The reddish hair was lighted up against the window as he had seen it before, and he watched it.
"That's the way _I_ feel!" he said softly.
"How do you feel?" She wheeled about and looked at him.
"As if there wasn't any need to say things. As if----"
She had turned back to the window. He went toward her.
"You've known all along!" he said.
He addressed the little locks gathered up under her cap.
He was quite near to her now.
"You knew--the first day I came--when I saw you--in father's room," he declared to the little locks of hair. "Didn't you?"
There was no reply.
"And every time I've seen you since!" he said exultingly. "And now that I've got you alone for a minute--you pretend----"
"I'm not pretending!" The shoulders shrugged a little.
"And turn your back on me," he added quietly.
"It's very thoughtless!" she said, speaking to the window. "You make it awkward for me.... I hoped you would have sense enough--not to say anything!"

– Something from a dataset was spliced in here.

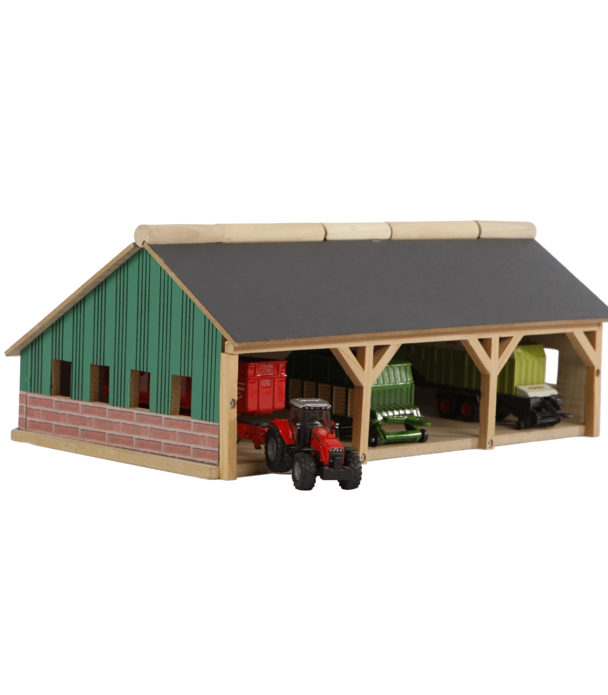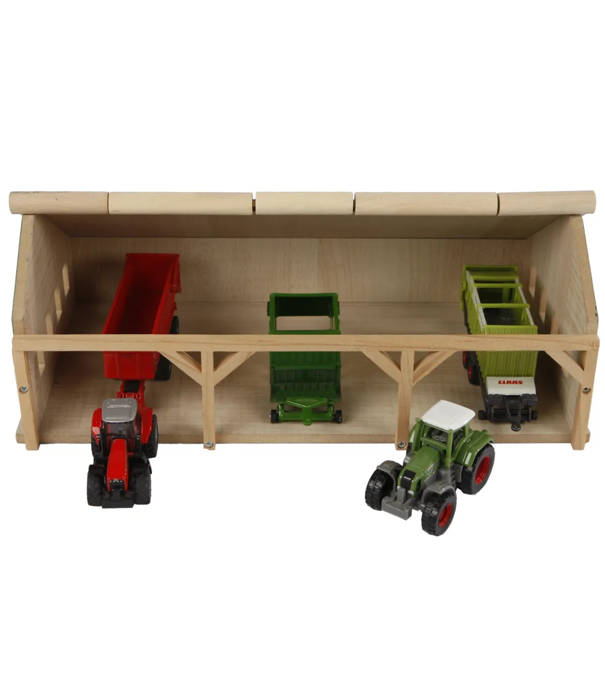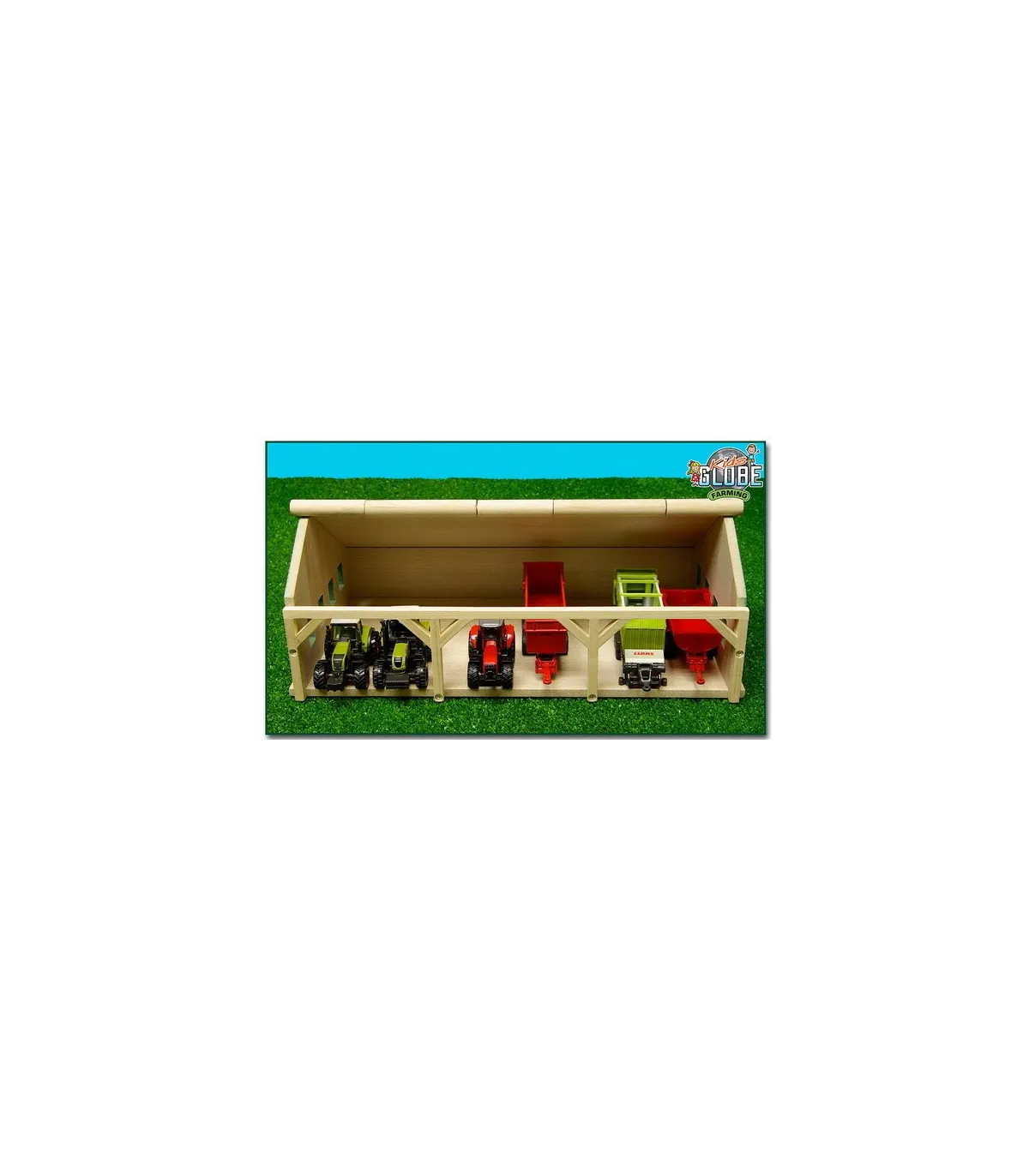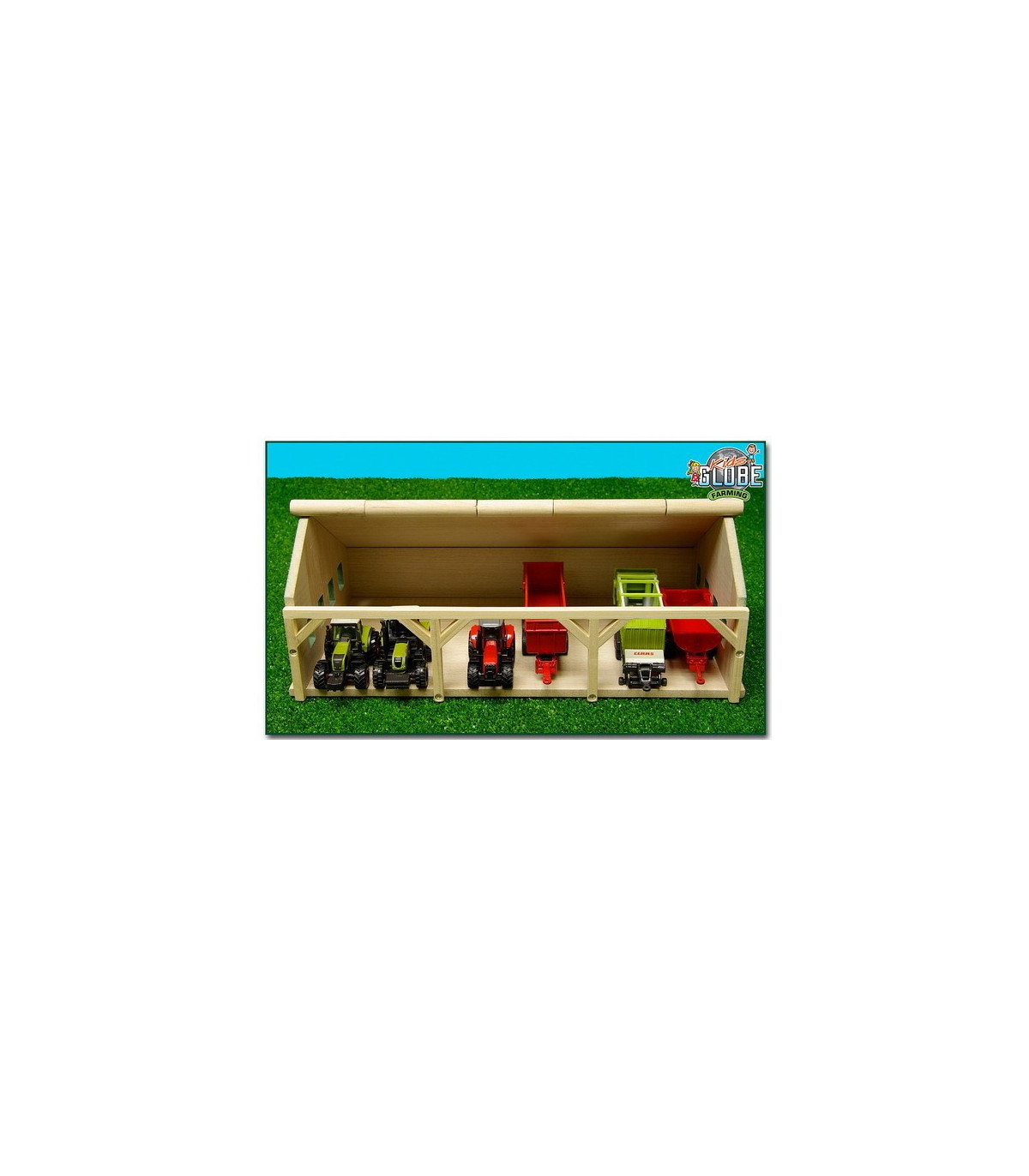 Para los más pequeños, este cobertizo agrícola/de almacenamiento está hecho completamente de madera. Siku fabrica tractores y remolques más pequeños a escala 1:87, y este cobertizo se adapta perfectamente a ellos. El cobertizo tiene un techo abatible en la parte delantera para facilitar el acceso. El cobertizo agrícola se envía como un kit y es fácil de montar con los tornillos de estrella incluidos.

"I haven't any sense," said the young man. "And you have so much.... That's why I like you. I fell in love with your sense--the first day!"
She had turned and faced him now. "Of course you don't care!" she said indignantly. "It is just a joke to you--to come, interfering with my work----"
"I didn't mean to stop you!" He glanced helplessly at the linen-cupboard.
"I mean my nursing!" she said with dignity. "I can't take care of your father if you're looking at me--and saying foolish things--all the time!"
He reached out a hand. "I'm not saying foolish things," he said quietly. "And you know it----"
A little bell buzzed somewhere and she lifted her head. "He's ringing--" she said quickly. "It's his bell! I'll have to go!"
Then she waited.
And he took her hands and looked down at them, and bent and kissed them gently, and watched the little color come dancing into her face.
"Pretending you didn't care!" he said.
He crushed the two hands hard and she cried out and drew them away--and lifted them to her face and began to cry into them--little hard sobs that shook her. And he held her close and patted the troubled shoulder.
"There, there!" he said. His voice was very young and happy and surprised.
And she looked up and smiled--a queer little reddened smile--under her crooked cap.
The bell tinkled--and rang a long shrill burr.
"I shall have to go! I know I look like a fright!" She reached to the cap.
"You look dear!" said the young man exultantly.
But she was gone and he was speaking only to the white wainscoted panels of the linen-room and to the sunlight flooding in.
XXXI
Herman Medfield glanced at her sharply as she came in.
"I've been ringing some time," he said dryly.
"I was in the linen-room. I'm sorry. I came as soon as I could."
He looked at her face. "What is the matter?" he asked.
"Nothing." She shook her head.
"You look as if you had been crying," he said, studying her.
"I haven't anything to cry about. I am very happy!" She returned his gaze serenely, with a little fluttering look that came and went underneath.